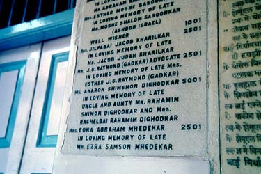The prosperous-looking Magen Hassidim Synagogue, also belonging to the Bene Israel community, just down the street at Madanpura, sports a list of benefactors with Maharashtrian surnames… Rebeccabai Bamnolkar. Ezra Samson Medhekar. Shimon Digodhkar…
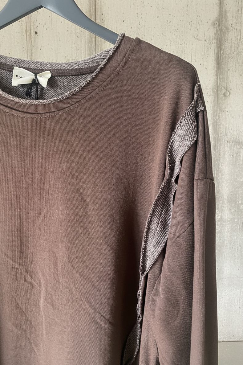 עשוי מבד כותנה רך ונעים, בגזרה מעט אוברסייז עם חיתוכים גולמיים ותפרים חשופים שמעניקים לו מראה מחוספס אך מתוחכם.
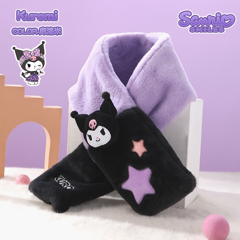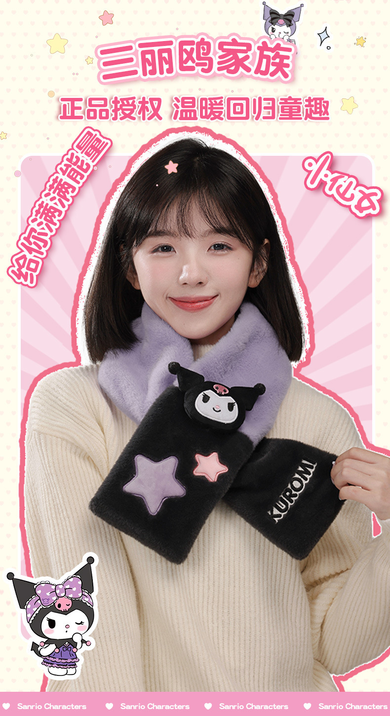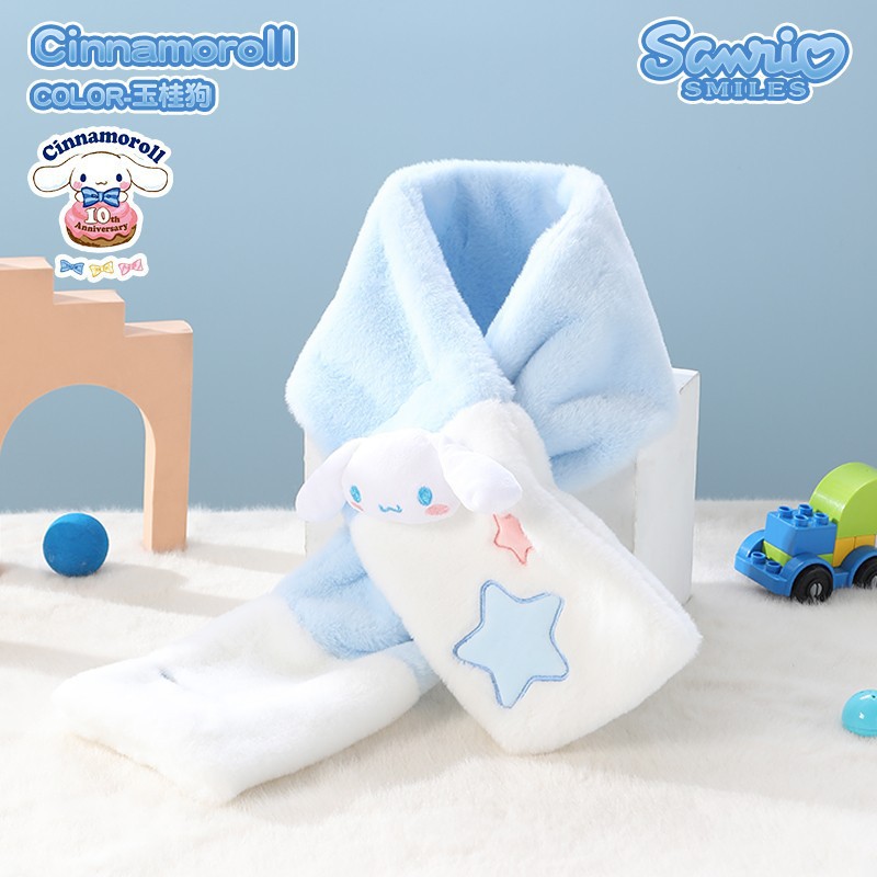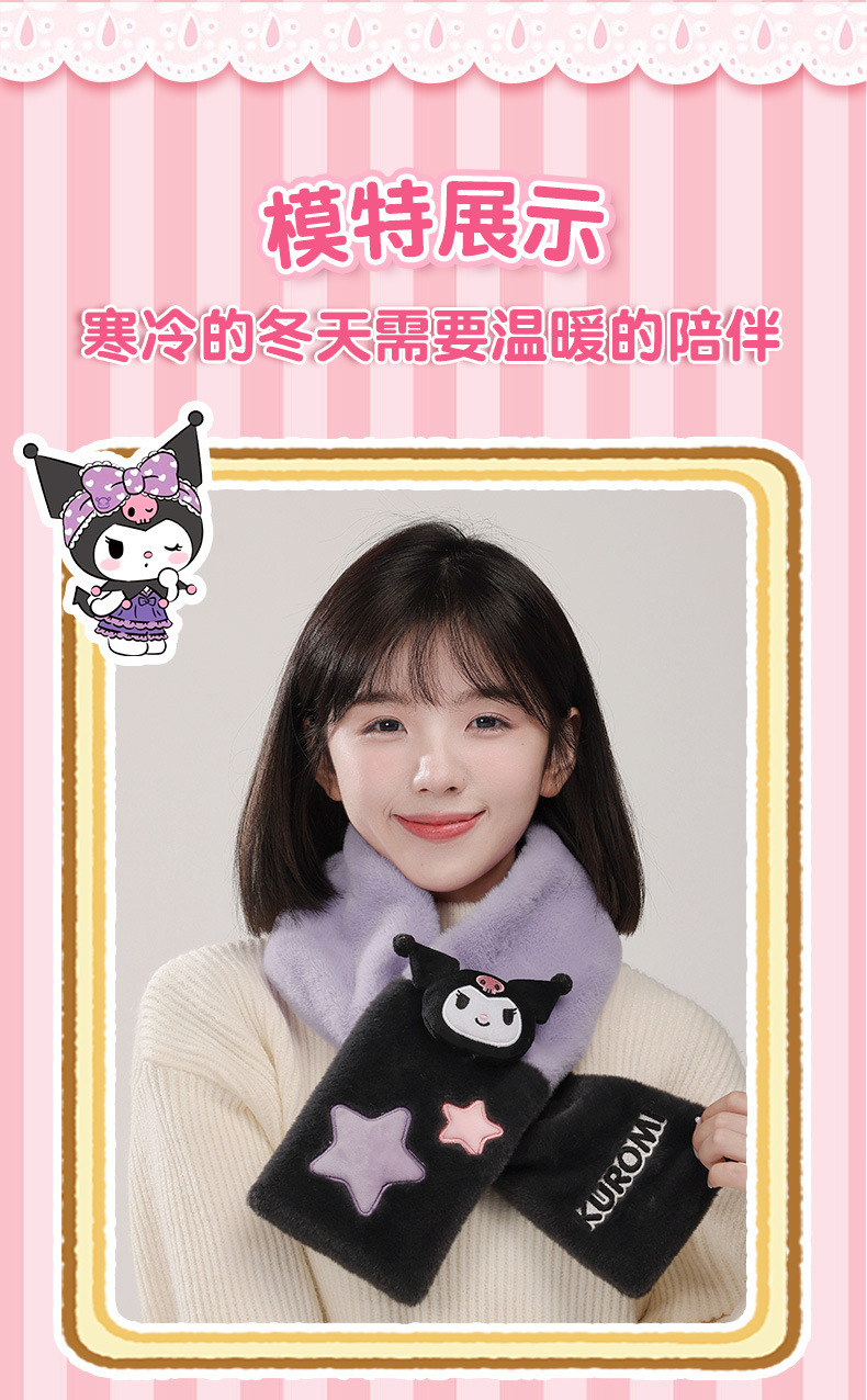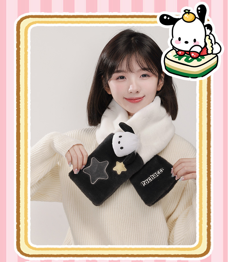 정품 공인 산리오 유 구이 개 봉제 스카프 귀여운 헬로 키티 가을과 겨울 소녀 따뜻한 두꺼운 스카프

What the task requires:
Where the material above includes pictures, omit them and retype everything else exactly.

Exercise output:
The prosperous-looking Magen Hassidim Synagogue, also belonging to the Bene Israel community, just down the street at Madanpura, sports a list of benefactors with Maharashtrian surnames… Rebeccabai Bamnolkar. Ezra Samson Medhekar. Shimon Digodhkar…
 עשוי מבד כותנה רך ונעים, בגזרה מעט אוברסייז עם חיתוכים גולמיים ותפרים חשופים שמעניקים לו מראה מחוספס אך מתוחכם.
 정품 공인 산리오 유 구이 개 봉제 스카프 귀여운 헬로 키티 가을과 겨울 소녀 따뜻한 두꺼운 스카프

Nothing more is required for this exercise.